POPE Francis has called for an end to militant violence on the first papal visit to Iraq, and said peacemakers should be given a chance.
After arriving in Baghdad under tight security the Pope headed to the country’s presidential palace.
“May the clash of arms be silenced … may there be an end to acts of violence and extremism,” he said, addressing Iraqi President Barham Salih, politicians and diplomats.
Later Francis met with priests, bishops and others at Our Lady of Salvation Cathedral in Baghdad.
In 2010 the cathedral came under assault when attackers used a combination of grenades, bullets and suicide vests to to kill at least 58 people.
Earlier Francis told reporters on his plane that he felt duty-bound to make the historic trip to Iraq because the country “has been martyred for so many years”.
War has taken a heavy toll. Iraq has only 250,000 Christians, compared to 1.4 million two decades ago.
After the US-led invasion in 2003, many Christians have fled abroad to escape the violence that has plagued the country.

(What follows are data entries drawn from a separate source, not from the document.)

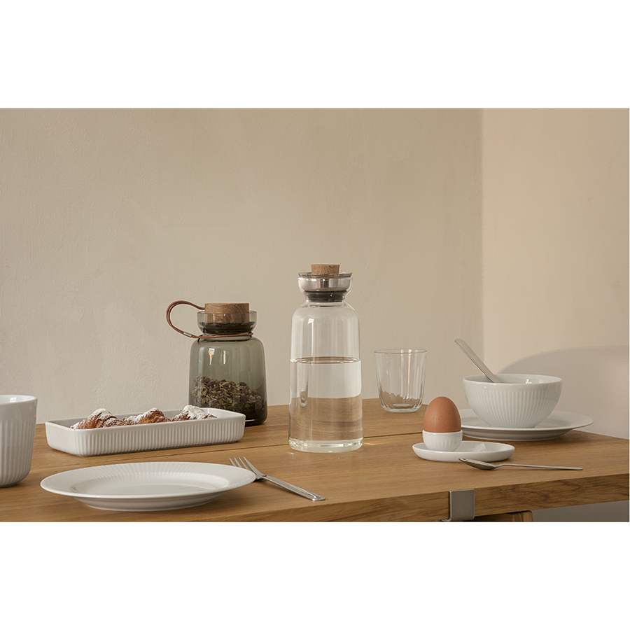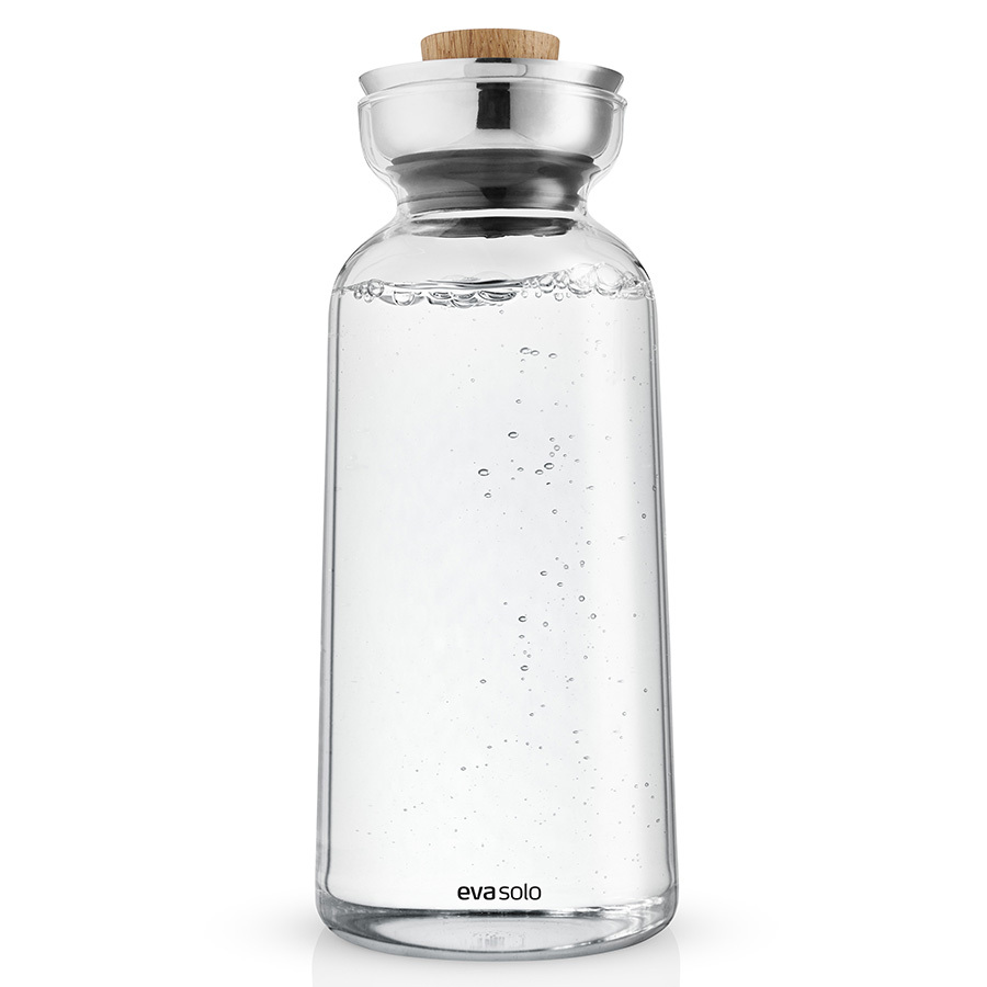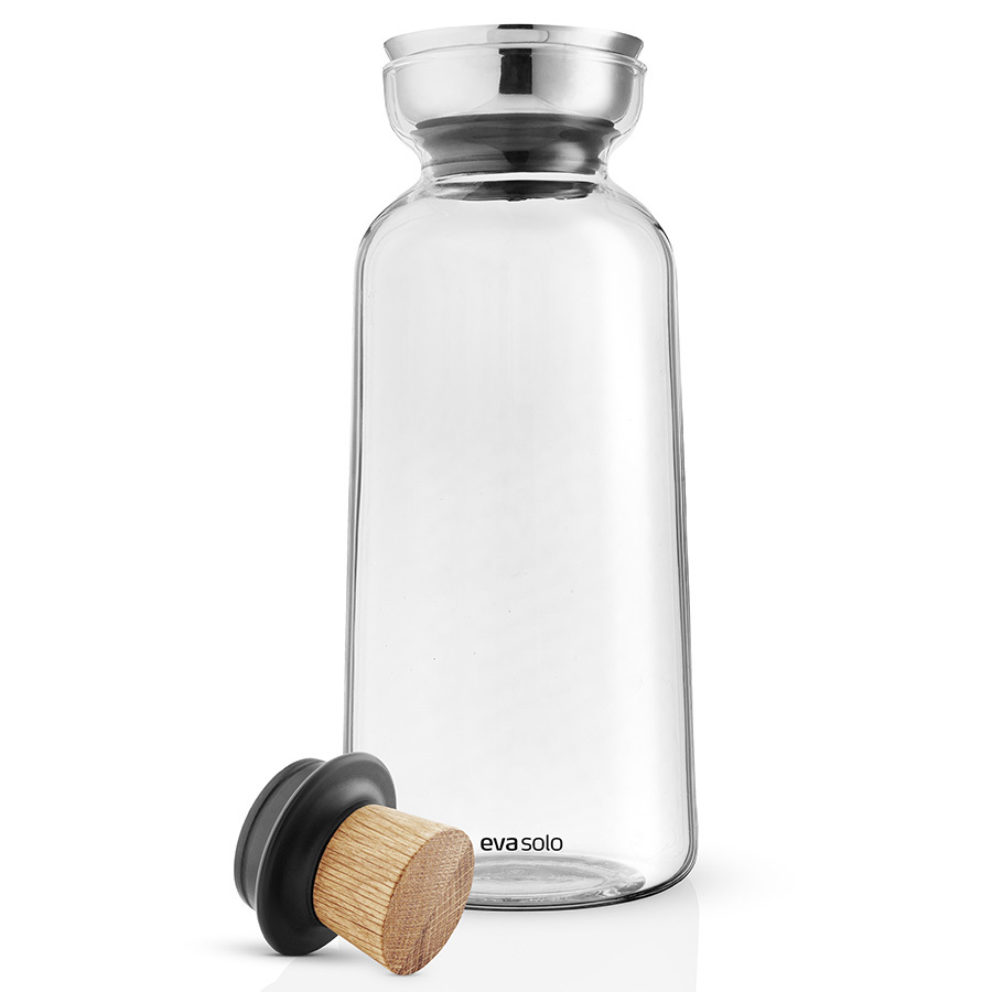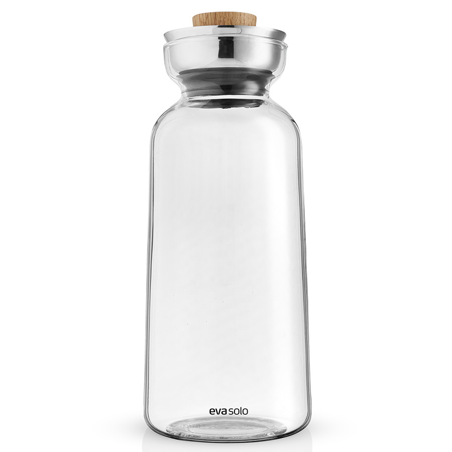 Колба выполнена из прочного боросиликатного стекла. Крышка сделана из промасленного дуба. Специальный ободок из нержавеющей стали предотвращает проливание. Графин помещается на полках в дверцах большинства моделей холодильников.
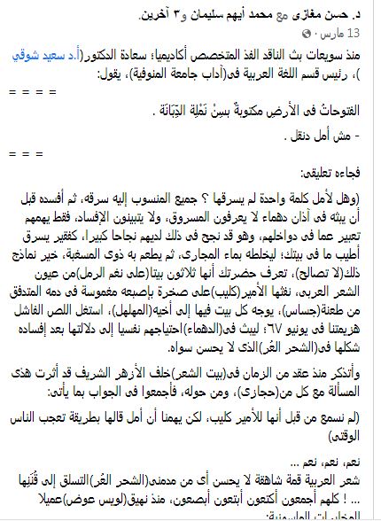 ولا أعلم لماذا اللف والدوران والتعمية على شخص مهاجم أمل دنقل؟ نحن هنا نكشف صراحة لمن لا يعرف أن الدكتور حسن مغازي هو صاحب الهجوم على أمل دنقل، وحسن مغازي لمن لا يعرف أكاديمي وشاعر وعروضي، أنا وأنت نختلف معه كثيرًا كما نشاء، لكن الإصرار على عدم التصريح باسمه وأنه صاحب تلك الأفكار ليس في صالح معارضيه بالأساس، فالقول إنه لا يستحق الرد كما يزعم البعض مرفوض لكون الرجل يفصح عن نفسه ولا يتحدث في الخفاء ويطرح ما يقول تصريحًا لا تلميحًا بل منذ سنوات، ولسان حاله يقول: هل من مبارز؟ وعدم الرد عليه يعني ضمنيًا عجز الطرف الآخر وقلة حيلته والتسليم له، كما أنه أستاذ جامعي وله أرضية الطلابية على الأقل، وتأثيره فيهم يعني اتساع دائرة أفكاره وترسيخها.
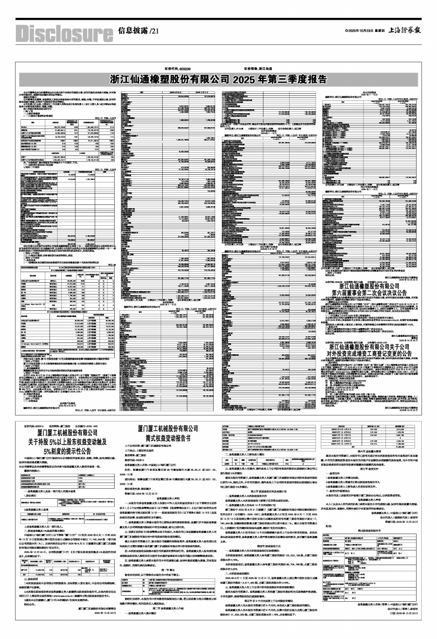 浙江仙通橡塑股份有限公司 2025年第三季度报告
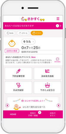 大阪府堺市に採用された『親子さかすくナビ』は、スマートフォン・タブレット端末・PCに対応したサービスで、妊産婦と子どもの健康データの記録・管理や予防接種のスケジュール管理、保育施設の条件検索、病児保育施設の空き状況確認、出産・育児に関するアドバイスの提供、離れた地域に住む祖父母など家族との共有機能や、市が配信する地域の情報をお知らせするなど、育児や仕事に忙しい母親や父親を助けてくれる便利な機能が充実しています。
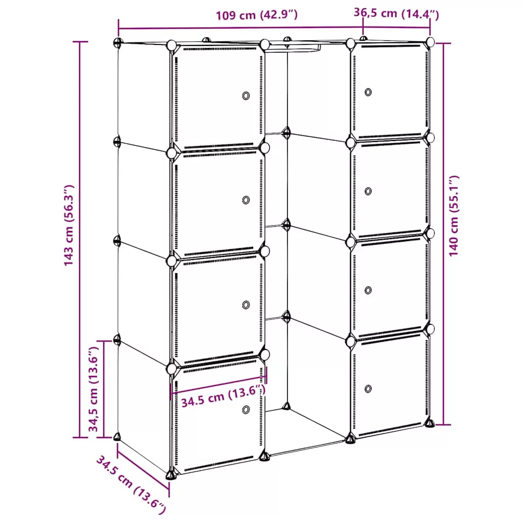 Ez a praktikus variálható szekrény nemcsak rendkívül stílusos, de lehetőséget ad rá, hogy szép rendezetten tárolja benne a ruháit és cipőit. Nagyszerű kiegészítője lehet a gyerekszobának, a nappalinak, az előszobának vagy a hálószobának. Ez a ruhásszekrény műanyag elemekből és krómozott acélhuzalból készült, így könnyen tisztítható. Okos dizájnjának köszönhetően könnyen és gyorsan felállítható különféle módokon, hogy illeszkedjék a térbe vagy épp a hangulatához. Kérjük, ne terhelje túl a polcokat és vegye figyelembe, hogy a műanyag gyúlékony.
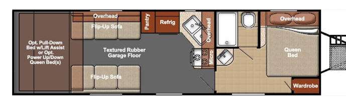 Haul Your Toys!For maximum cargo space you will love this Track n Trail toy hauler by Gulf Stream Coach. Model 26RTH features a rear ramp door to make loading and unloading a cinch. There are double flip-up sofas with overhead storage, and an optional power up/down set of queen beds for added sleeping space.

Iraq is deploying thousands of additional security personnel to protect Pope Francis after a spate of rocket and suicide bomb attacks raised fears for his safety.
Earlier, the pope said he was “happy to making trips again” having earlier vowed not to “let down [the Iraqi people] for a second time” after Pope John Paul II cancelled plans for an Iraq trip in 1999 when talks with then-president Saddam Hussein’s government broke down.

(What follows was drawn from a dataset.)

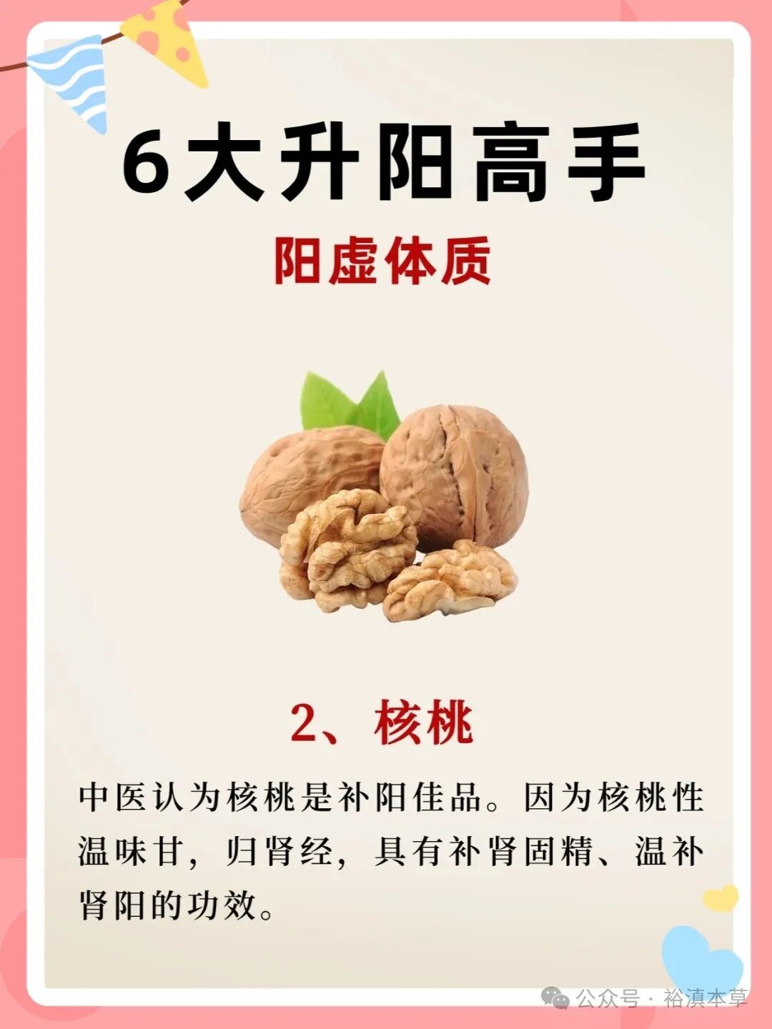 中医认为核桃是补阳佳品。因为核桃性温味甘,归肾经,具有补肾固精、温补肾阳的功效。

In an area known as the cradle of civilization, the modern history of Mesopotamia — now present-day Iraq — has been scarred by lasting hardship: three decades of despotic rule, followed by nearly two decades of war and a wave of carnage unleashed by the Islamic State.

Pope Francis’s whirlwind tour will take him by plane, helicopter and possibly armoured car to four cities.
They include areas that most foreign dignitaries are unable to reach, especially in such a short space of time.
He will meet Iraq’s top Shi’ite Muslim cleric — 90-year-old Grand Ayatollah Ali al-Sistani — in the southern city of Najaf.
Francis will travel north to Mosul is a former Islamic State stronghold, where churches and other buildings there still bear the scars of conflict.
The pontiff will also visit Ur, birthplace of the prophet Abraham, who is revered by Christians, Muslims and Jews.
The meeting with Sistani, who wields great influence over Iraq’s Shi’ite majority and in the country’s politics, will be the first by a Pope.